An important factor in the company-development process now, he said, is that companies being pointed toward an exit “focus as much or more on clinical, regulatory and quality issues as on R&D.“
The architects of such companies need to build them to last, Godshall said, particularly since acquirers are looking more and more for “turnkey“ purchases rather than in the not-so-distant past, where they would look for companies with problems they presumed they could quickly fix.
He cautioned those at the helm of start-ups to be selective in signing on with financing partners, since those financiers “will be your partners for years.“
Saying that the average time to exit can be as much as six or seven years, Godshall added: “This is not an industry for the faint of heart. It is not a business where you can jump in and out of markets in 18 months.“
In his presentation, which focused heavily on company valuation in liquidity situations, Hoffman stressed the importance of gross product margins as a key measure of future success.
Acquirers “have been more aggressive“ in what they are looking for from potential fold-in companies, he said, citing the clear formula of high revenue growth multiples and high margins. That is because, as companies get bigger, “it's harder [for them] to get that growth.“
He said the criteria for successfully going public aren't much different: proprietary technology; a large, addressable market; U.S. sales; profitability; high margins; high revenue growth multiples; and reimbursement “clarity.“
“Investors are trying to be more disciplined,“ Hoffman said. “They want to take some of the risk out of it. They want revenue predictability.“
While acknowledging that the hurdles to going public are higher, he said there also are high benefits. “Once you're public, you can grow your [stock] price rapidly“ through good performance.

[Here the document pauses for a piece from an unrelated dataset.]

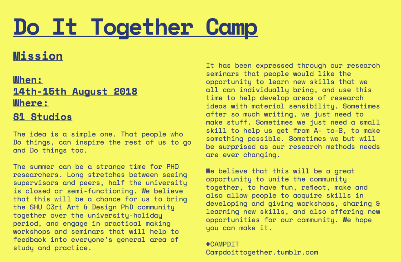 Inspired (& missing) my summer camp days, Anton Hecht & I came up with the idea of a PHD summer camp: Except it would be about skillsharing between us as well as having time to make/be/chat with each other.

Building on a point made by Godshall just prior to his presentation, Hoffman said of the M&A marketplace: “We need more mid-cap companies to be consolidators.“ He said many are taking just such a stance, with “most mid-cap companies becoming buyers, not sellers.“
There are targets aplenty, he said. “At least 50% of device companies that are thinking about going public also are thinking of selling,“ Hoffman said.